Of course, that was before the Aramis Ramirez injury and the recent hand injury to Alex Gonzalez. All of these unexpected injuries — not to mention the injuries to Taylor Green and Jeff Bianchi — have led to more playing time for Betancourt. It’s recently been at third base, and it’s been about what one would expect. He owns a .267 wOBA and 64 wRC+, meaning his performance at the plate has been 36-percent below the league-average.
Baseball is made up of a series of disparate events, however, in which below-average players experience spurts of tremendous value. On Sunday afternoon against the St. Louis Cardinals, Yuniesky Betancourt enjoyed one of those rare days in which he was a positive contributor to the Brewers’ extra-innings victory, and those performances should indeed be celebrated instead of being tossed aside as a fluke — or worse, swept under the rug because it doesn’t support the ongoing narrative.
In the fifth inning, the Cardinals led 3-0 over the Brewers. They had a runner at third base with two outs, and clean-up hitter Allen Craig at the plate. Craig dribbled a slow chopper up the third base line — a swinging-bunt of sorts that often results in an infield hit. With the Brewers already down three runs and unable to afford surrendering another run, Betancourt made a nice charging play on a tough chopper and narrowly gunned out Craig at first to preserve the three-run deficit. Considering the final score, Betancourt’s fine play to keep the Cardinals off the board proved immensely important.
Advancing ahead to the bottom of the eighth inning, the Brewers had taken a significant bite out of the Cardinals lead with a two-run home run by Ryan Braun in the top-half of the inning. Jim Henderson threw a stellar one-two-three inning to preserve the one-run deficit. Without the help of Betancourt’s glove, though, the inning may have resulted differently.
Cardinals catcher Yadier Molina has traditionally been a thorn in the Brewers’ collective side. He puts together quality at-bats and hit .357/.390/.589 with three homers against the Brewers a year ago. With two down in the eighth, he jumped on a 2-0 fastball from Henderson and laced a sharp grounder to the left side of the infield. Betancourt, who is known for his lack of range, makes a nice diving stab to retire Molina.
This defensive effort didn’t have such an obvious impact on the final score as did the previous defensive play highlighted in the fifth inning, but it did prevent the beginning of a potential two-out rally by the Cardinals and allowed the Brewers to head into the top of the ninth only down a single run.
And down only that single run, it was actually Betancourt who plated the game-tying run on an RBI-double off closer Mitchell Boggs.

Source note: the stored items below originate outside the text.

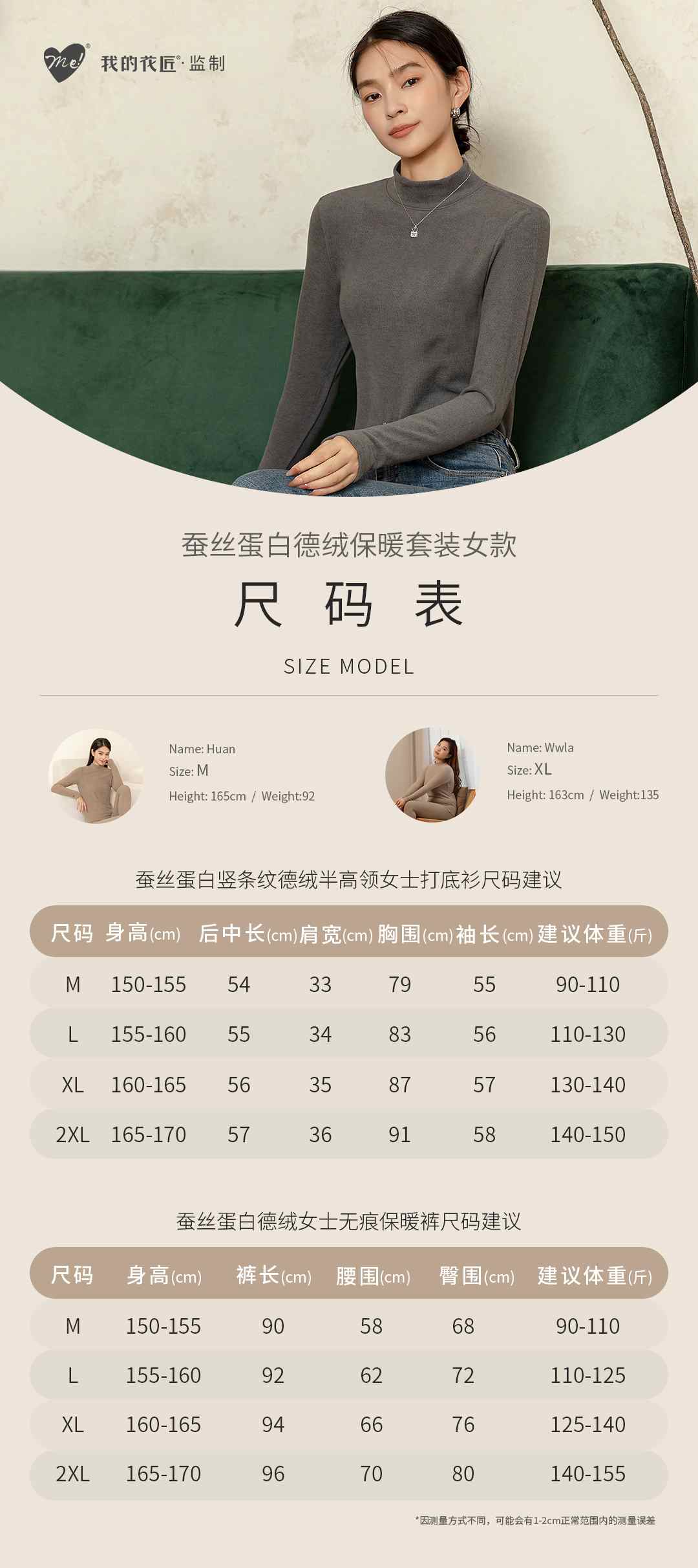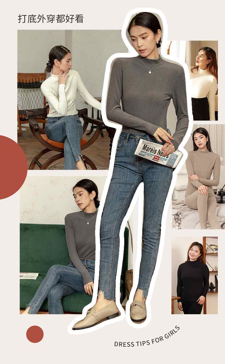 我的花匠 Me系列·蚕丝蛋白竖条纹德绒半高领女士打底衫/蚕丝蛋白德绒女士无痕保暖裤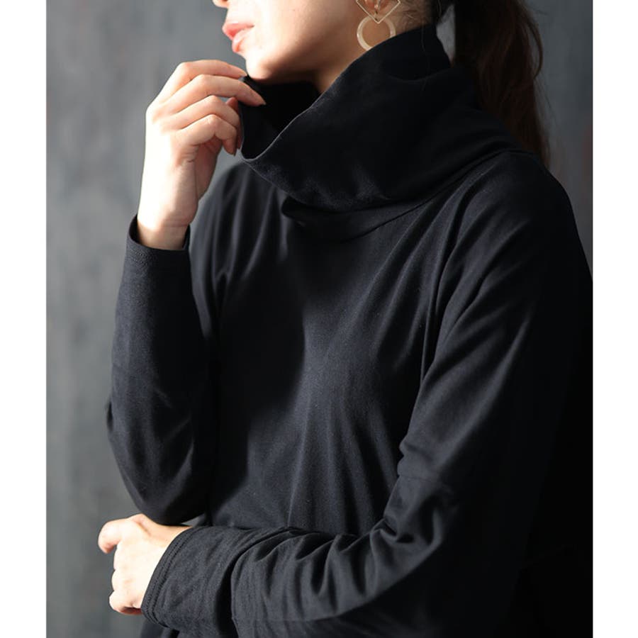 定番の綿カットソーに新デザインが登場です。ボタンで衿はゆったりと高めのオフハイネックになっていて立たせて少しだけくしゅっとさせて着るのが可愛い☆小顔効果も絶大です!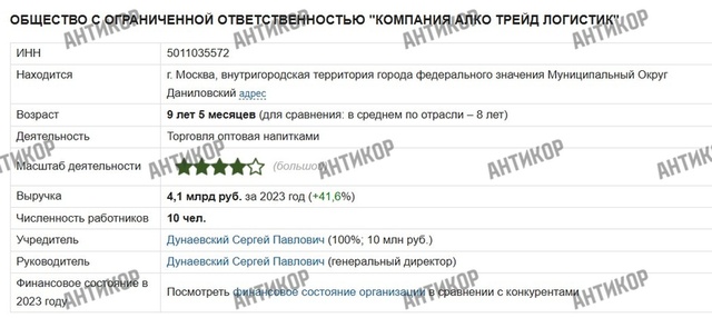 Компанія-імпортер – ТОВ «Алко Трейд Логістик», зареєстроване в Москві. Яка, до речі, минулого року суттєво збільшила прибуток: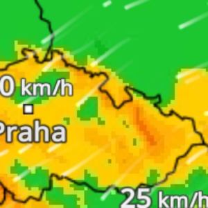 vítr SV 25 km/h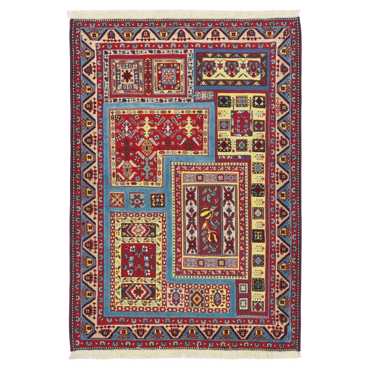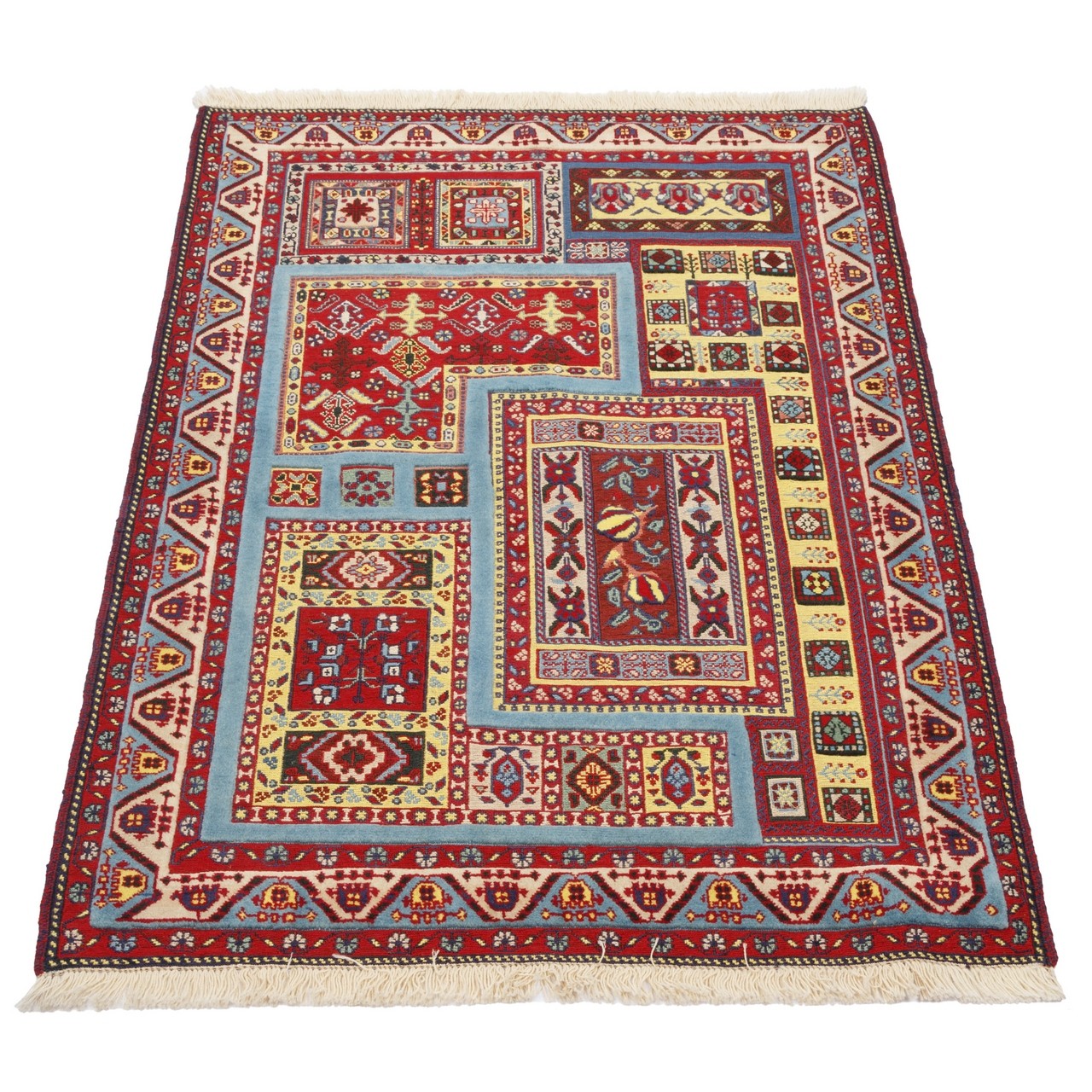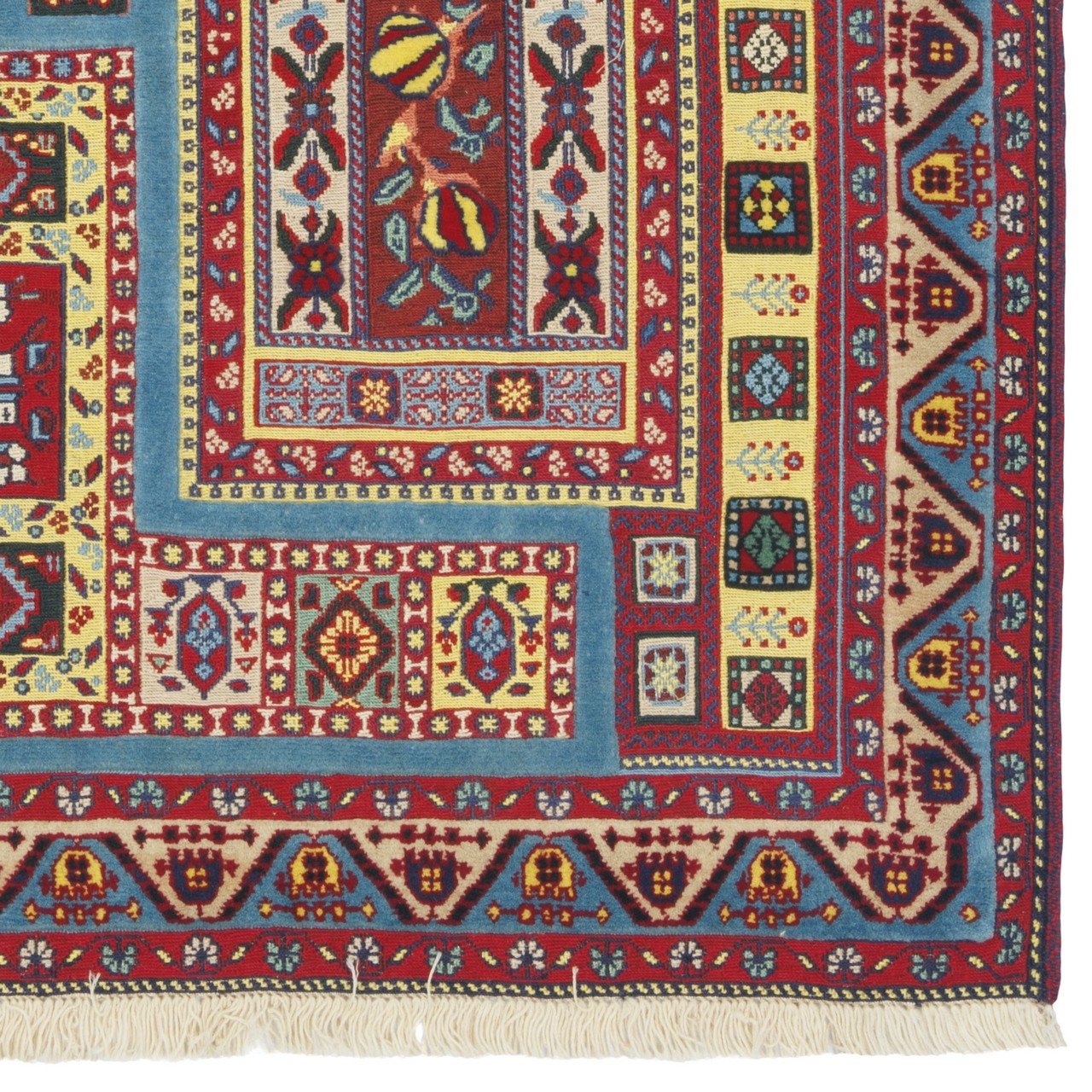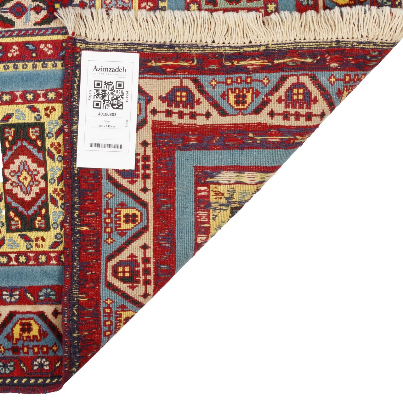 Handwoven Sirjan kilim-rug, 100 × 145 cm (3'3" × 4'9"), area 1.45 m² (15.61 ft²). All-wool construction; all-over design; knot density: 1,800 knots/dm². This piece features an all-over layout in which geometric motifs are repeated across the entire surface in an orderly, balanced rhythm. A multicolored palette is employed in both the field and the border, derived from a natural, plant-based range of hues—warm and lively tones, each used with a specific intent within the composition. Despite the variety, the overall effect is cohesive and visually pleasing, allowing easy harmony with interiors from classic to modern. This Sirjan all-over kilim embodies the taste, cultural memory, and patience of artisans who transform warp and weft of wool into a narrative of their homeland.

Betancourt isn’t known for his plate discipline or his ability to drive the baseball to right-center field, but he drove a 90 mph cutter on the outside-black of the plate into the opposite field, allowing the speedy Carlos Gomez to race around the bases and tie the game.
Again, this at-bat is a singular point in time. It doesn’t signify a better approach at the plate from Betancourt — he’s still only seeing 3.18 pitches per PA this season — but in the top of the ninth inning against Mitchell Boggs, he was a star.
It’s easy to forget that historically below-average players still have the necessary skill to make good things happen on the diamond. And in uncommon circumstances, those below-average players can even string together a series of good events to make a wholly positive impact on the game. Yuniesky Betancourt did that on Sunday.
And for all the criticisms spat in his direction or jokes of which he’s the ultimate punchline, it’s important to take time and chronicle the positives he occasionally brings to the Brewers, too.